Melbourne Test – Boxing Day: The Day Unfolds. Christmas Pudding Settles.

The Poms are cracking like a teenage boy’s voice. Trott hopped out of the kitchen, Swann (perhaps the king jib in the team) took a dive, and Prior has the runs; just not the sort of runs he would like. Jimmy Anderson is sulking so much that his bottom lip is dragging on the ground, Broad has a wittle bwuise on his wittle toesy wosey, and Cook’s chook looks plucked. He learned the hard way that in Australia you can be given out first ball. After his Perth Test golden quacker his Mum rang him to explain this antipodean rule as he sat in the dressing room saying, “It’s not fair” over and over again.

As Junior Soprano said of his ageing fellow gangsters,

“They’re dropping like fu**ing flies.”

And I’m loving it.

Talking of voices cracking, Liam, our youngest, is singing at the MCG on Boxing Day as part of the pre-game ceremony. It’s his last gig with the National Boys’ Choir because his voice has Swanned………….. I mean Priored……… I mean broken. He’ll be sad to leave after being accepted into the choir seven years ago. But what a way to go out, singing in front of 80,000 or 90,000 fans at the people’s ground on Boxing Day as the Aussies prepare to demolish the English castle. His great grand parents would see a certain kind of justice in that. Unfortunately I couldn’t score a ticket as part of the entourage. My job is simply to rise at 6.15am (a massive ask after a huge Christmas Day) and transport him to the required destination. That, I believe, is a parent’s life-task summarised.

But the thing I will miss most about the choir is watching Liam on stage at Hamer Hall with about 120 of his colleagues, 60 odd from the men’s choir, and a full orchestra belting out the Hallelujah Chorus from Handel’s Messiah as the traditional finale to their annual Christmas concert. It’s like watching a Greg Chappell century; sublime.

Clarke wins the toss. I prepare to settle in and watch Rogers and Warner go at it, but he decides to bowl. Hubris? The return of the swagger? Time will tell. Harris takes the new ball.

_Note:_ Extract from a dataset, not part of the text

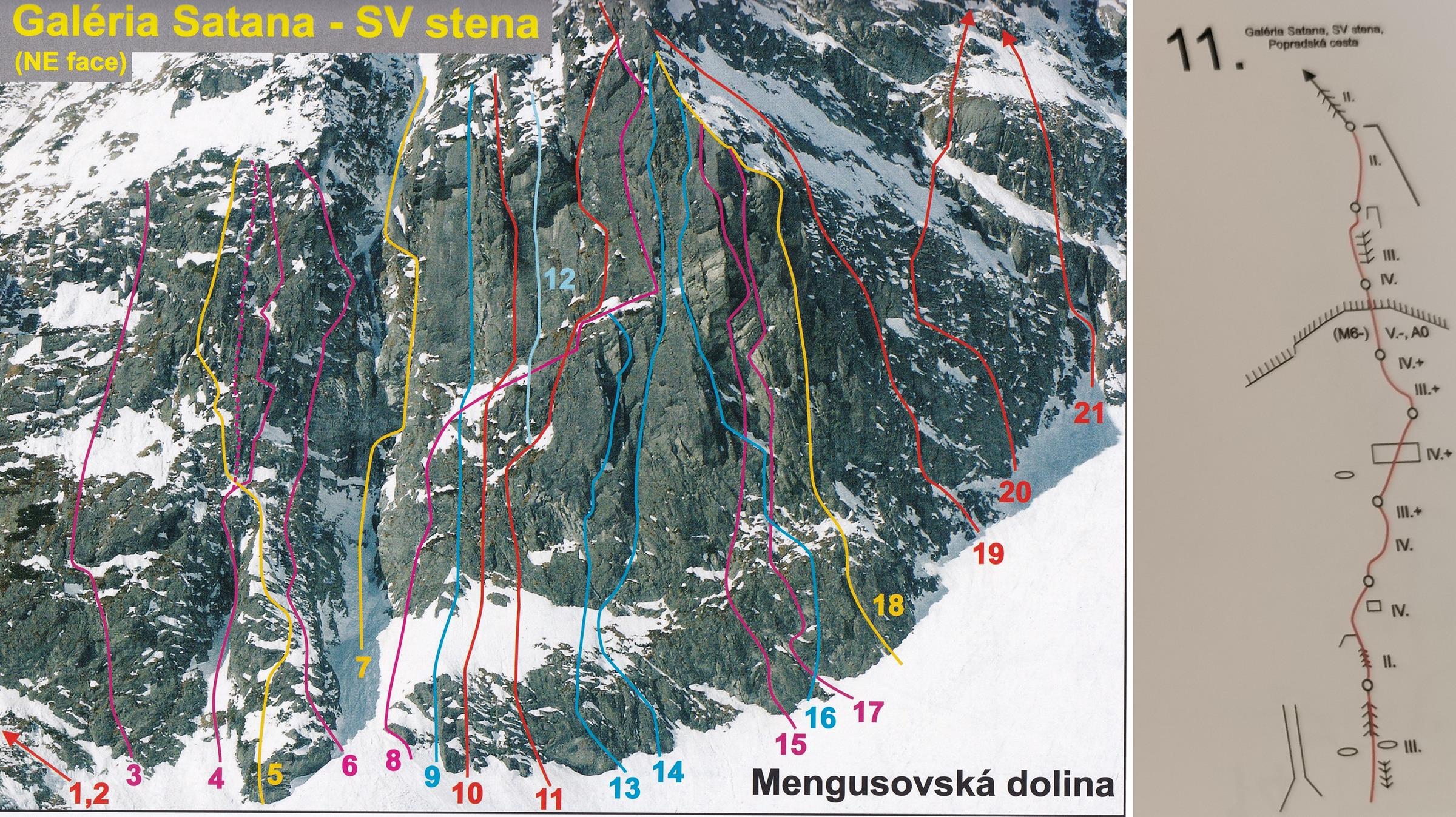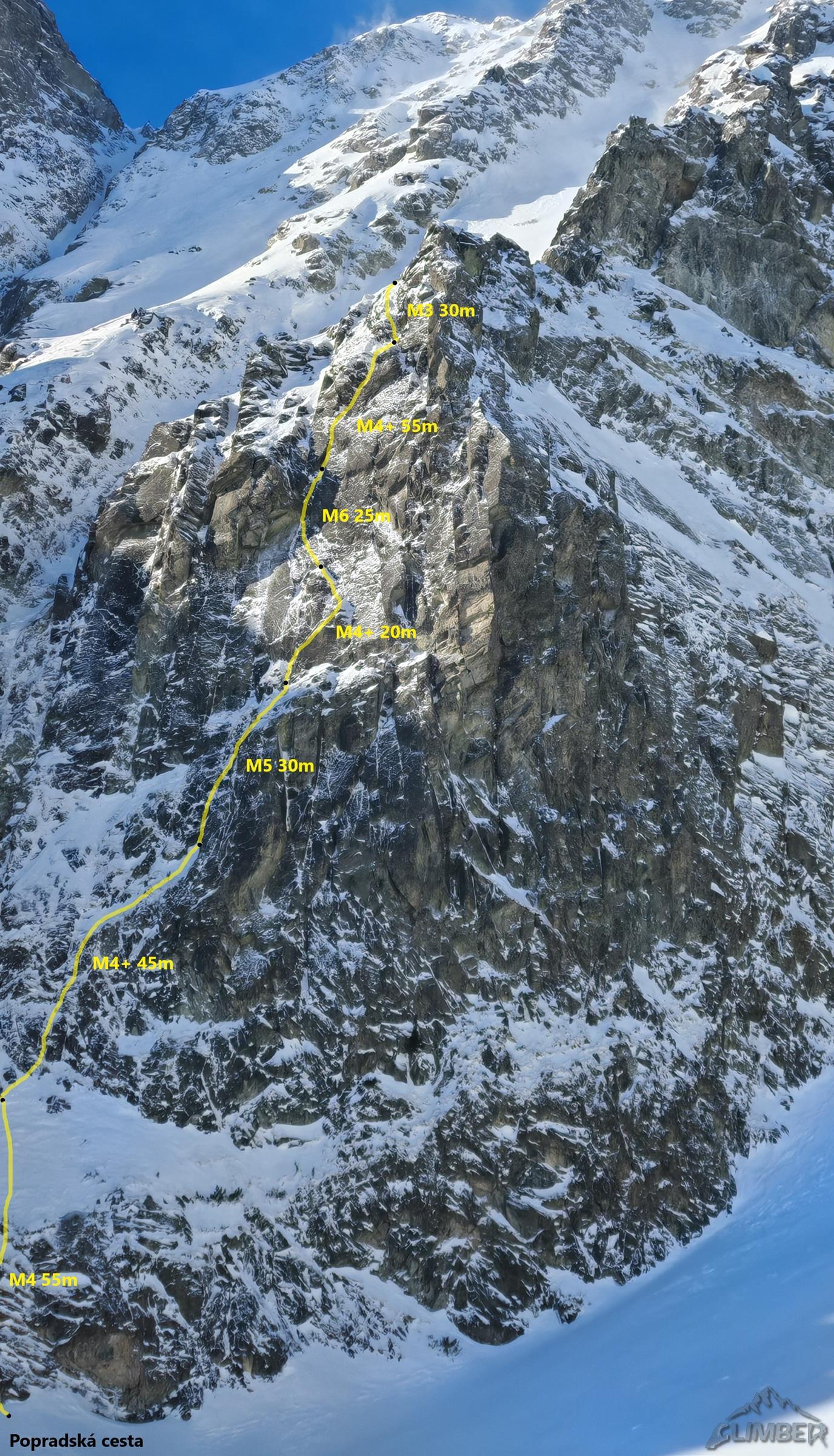 Po powrocie z Sycylii ciężko z powrotem przestawić się na tryb zimowy, gdy jednak w Tatrach nadchodzi słoneczna (choć mroźna i wietrzna) sobota nie ma co szukać dalszych wymówek 😉. Niezbyt sprzyjające warunki powodują, że porzucamy plan by działać wysoko i wybieramy się na Galerię Szatana, której mimo planów nie udało się jeszcze nigdy odwiedzić. Północno-wschodnia zerwa oferuje ponad 20 dróg, a nowych cały czas przybywa – dominują linie średnio-trudne, choć nie brakuje i ekstremów jak Fyzioklinik (M11), Magická linia (M8+) czy słynna Popradská strecha (M9). Obok tej ostatniej biegnie stara Popradská cesta (oryg. M6-) o potwierdzonej zimowej urodzie - to właśnie ją bierzemy na celownik przy okazji pierwszej wizyty.

I love watching Rhino bowl. He looks like a splintered old plank from an aged paling fence, and plays with the intent of a shearer attacking the occupants of the south paddock, but that doesn’t do justice to his skill. His game is based on old fashioned sweat and dedication to the craft. In these days of low fat, microwaved sport, perhaps conservatives like Rhino are the new radicals.

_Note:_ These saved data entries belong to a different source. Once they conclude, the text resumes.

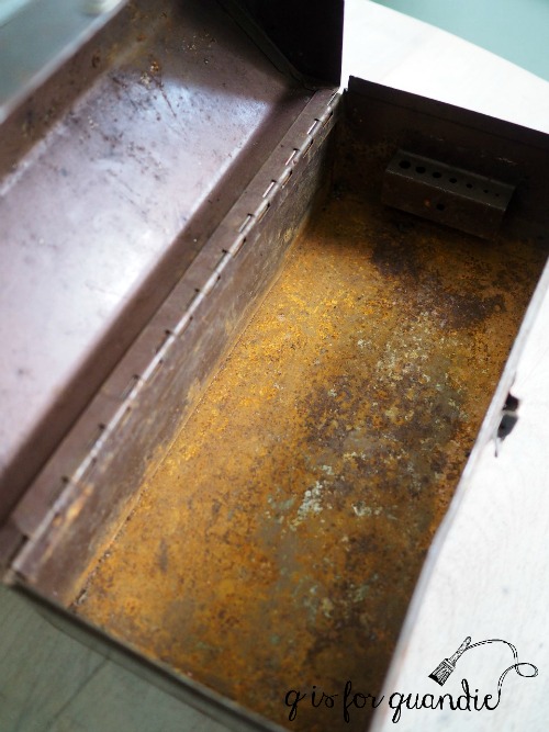 The toolbox isn’t terribly bad on the outside, but the inside was quite rusty.  It was rather greasy and dirty as well.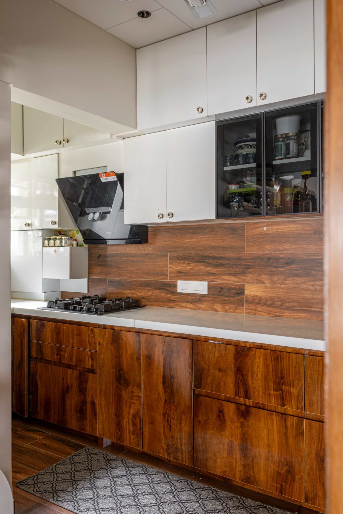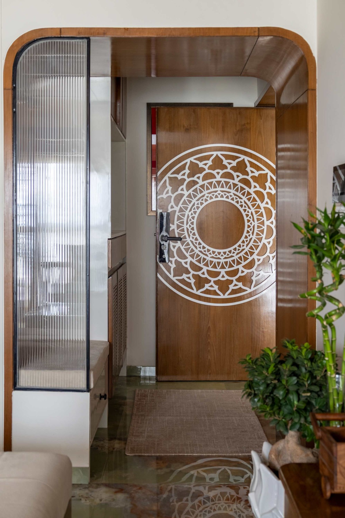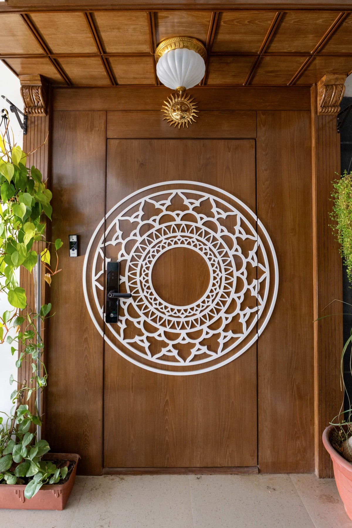 The entrance sets the narrative for the entire home. Designed as a statement element, this doorway blends warm wooden textures with an intricately detailed mandala motif that becomes the focal point of the space. The circular geometry symbolizes harmony and balance, while the surrounding architectural framing adds depth and character. Subtle layers of material, light, and texture come together to create an inviting threshold one that welcomes with warmth and quietly introduces the design language of the home within.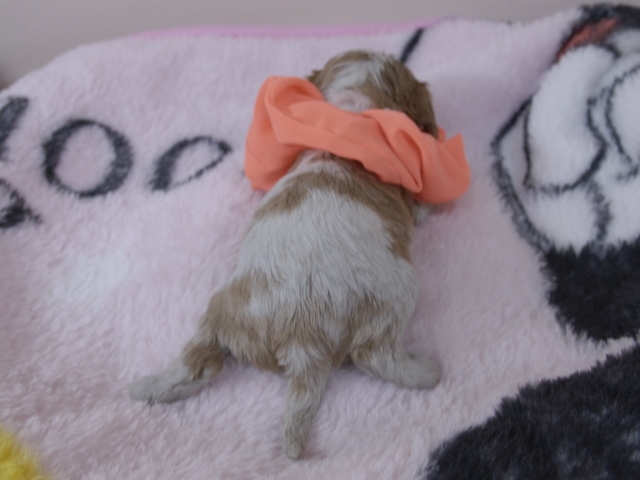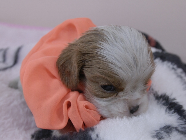 この度はとっても元気な子をありがとうございました。 見学の際は駅まで迎えにきていただき、説明もとても丁寧で安心しました。 空輸で送っていただき、ありがとうございました。 迎えてから一週間が経ち、家にも慣れて、へそ天で寝ています。 トイレトレーニングも、来た時から8割できていて、今ではほとんど失敗しなくなりました。 可愛く元気で、毎日元気に飛び跳ねています。(奈良県 女性)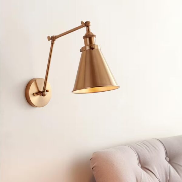 Add both beauty and function to your space with this brass gold adjustable wall sconce, a versatile lighting fixture designed to combine modern elegance with everyday convenience. With its sleek metal shade, durable arm, and polished brass gold finish, this sconce makes an eye-catching addition to any room while offering the practicality of directional lighting.

Cook and Carberry start carefully if scratchily. The game settles into a rhythm. Johnson sprays a few and Cook finds the gaps. A quiet subdued tension takes over the game. The crowd is hunched over in expectation. This is an occasion waiting for a moment.

Clarke throws the bowlers around somewhat impatiently. He needs to justify his decision to bowl. The only bowler who causes raised eyebrows is Nathan Lyon. He gets turn and bounce. It doesn’t augur well for the team batting last. Siddle is bowling within himself, like he’s waiting for the Christmas pudding to settle in. Suddenly he lets one go, Cook’s head says no but his hands say yes. The result is a ditherer’s shuffle and a snick to Clarke at slip. The Poms are 1 for 48. Is that the moment? Root and Carberry see the Poms through to lunch. They’re a stodgy 1 for 71 but probably satisfied. The Poms haven’t threatened to tear the game apart. They prefer death by Dutch oven.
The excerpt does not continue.